_What you are asked to do_
Where the data below begins, start retyping exactly, and end on the line with "Untitled (Dark Green", which is included; no picture goes in.

_Collected material_

Start of Block

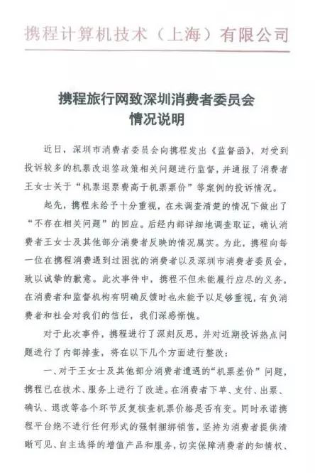 第一,?攜程公司從起初否認存在相關(guān)問題,到今天的公開道歉并提出實質(zhì)性整改措施,從推責諉過到直面解決,深圳消委會對攜程公司前后態(tài)度和做法的轉(zhuǎn)變給予肯定。
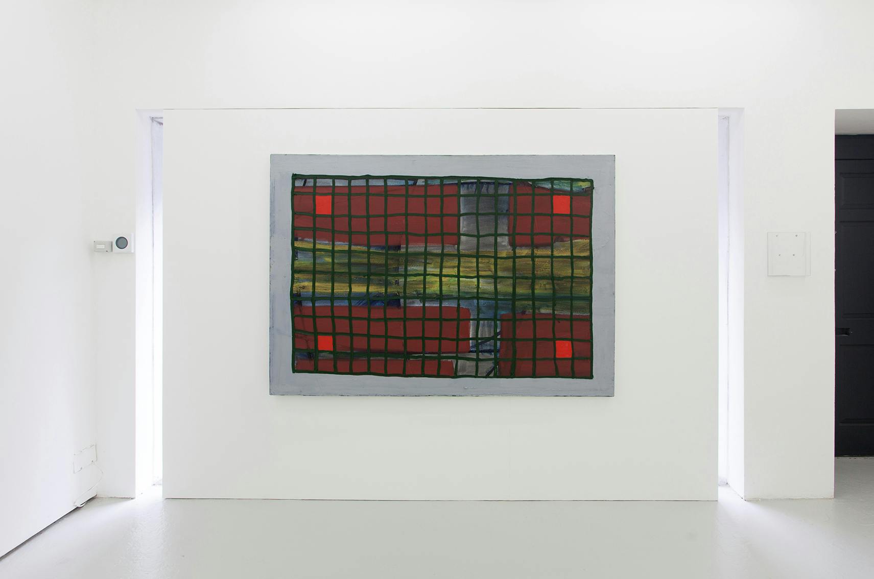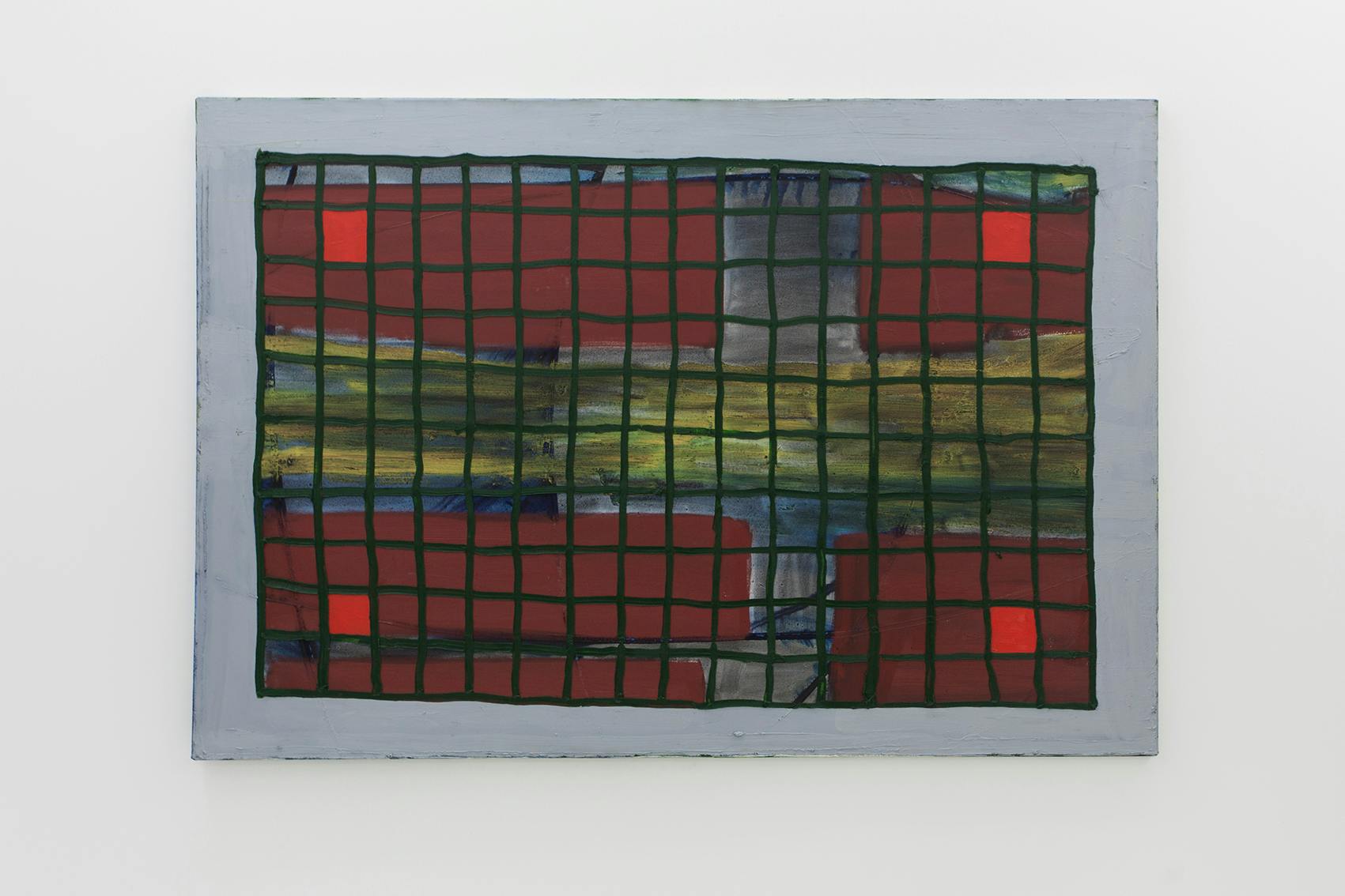Untitled (Dark Green Lines, Graticule, Four Red Squares, Grey), 2016-2018, oil on canvas, 195 x 135 cm
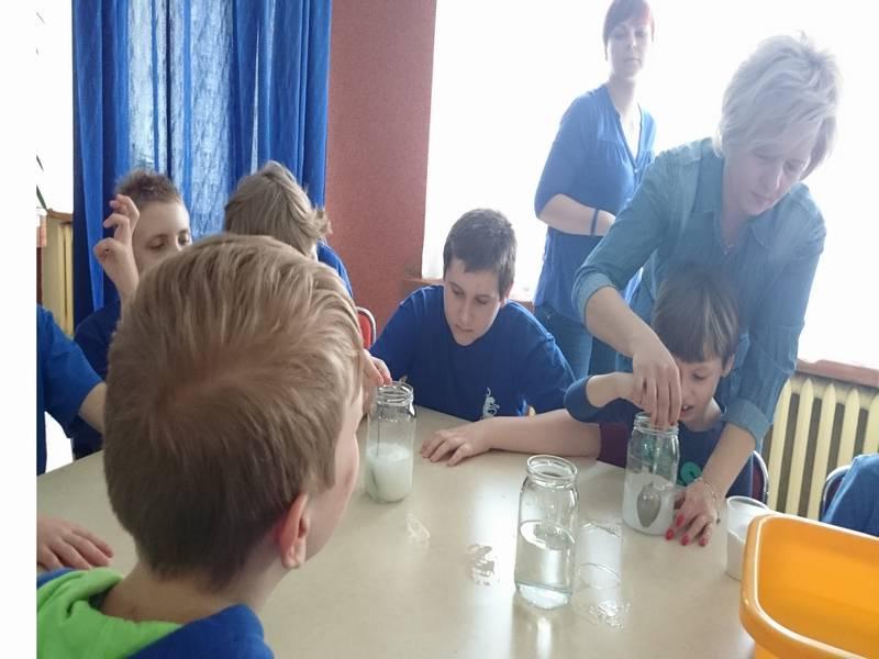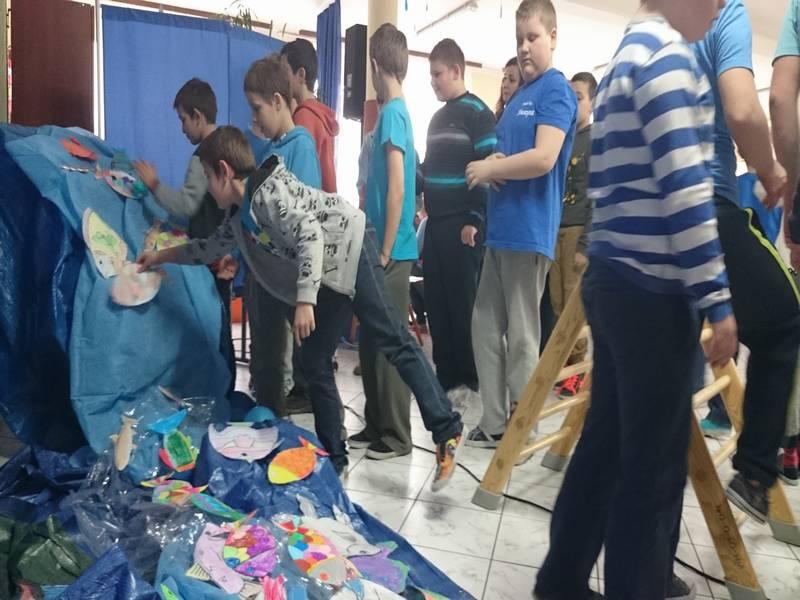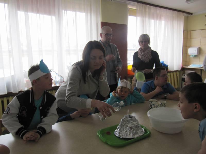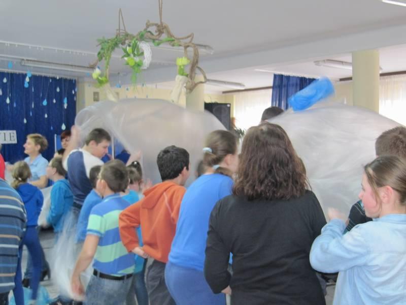 22 marca w Światowym Dniu Wody uczniowie wzięli udział zajęciach w zorganizowanych z tej okazji. Głównym założeniem tego przedsięwzięcia było poszerzenie wiedzy o wodzie oraz utrwalanie zdrowego nawyku picia wody przez uczniów naszej szkoły. W tym celu w trakcie zajęć uczniowie wysłuchali pogadanki na temat, „Komu do życia potrzebna jest woda?”. Brali udział w zabawach sensorycznych z wodą, prostych doświadczeniach i obserwacjach min.: „Dźwięki wody – posłuchaj i odgadnij”, „Jak powstaje para wodna?, „Co kryją kostki lodu?”, „Co pływa, a co tonie?”, „Czy każda woda nadaje się do picia?”, „Podwodny wulkan”. Nie zabrakło też zabaw ruchowych. Muzyka z filmu „Piraci z Karaibów”, ciekawe rekwizyty – folia malarska symbolizująca ścianę deszczu i ogromne krople deszczu wykonane z worków foliowych – dostarczyły dzieciom wielu wrażeń. Na zakończenie zajęć uczniowie udali się na ratunek „chorej rzece”. Każde dziecko wykonało kolorową rybkę, by uzdrowić rzekę. Ułożona na makiecie rzeki ławica ryb stanowiła symbol dbałości naszych uczniów o środowisko.

End of Block

_Answer for the task_
 第一,?攜程公司從起初否認存在相關(guān)問題,到今天的公開道歉并提出實質(zhì)性整改措施,從推責諉過到直面解決,深圳消委會對攜程公司前后態(tài)度和做法的轉(zhuǎn)變給予肯定。
Untitled (Dark Green Lines, Graticule, Four Red Squares, Grey), 2016-2018, oil on canvas, 195 x 135 cm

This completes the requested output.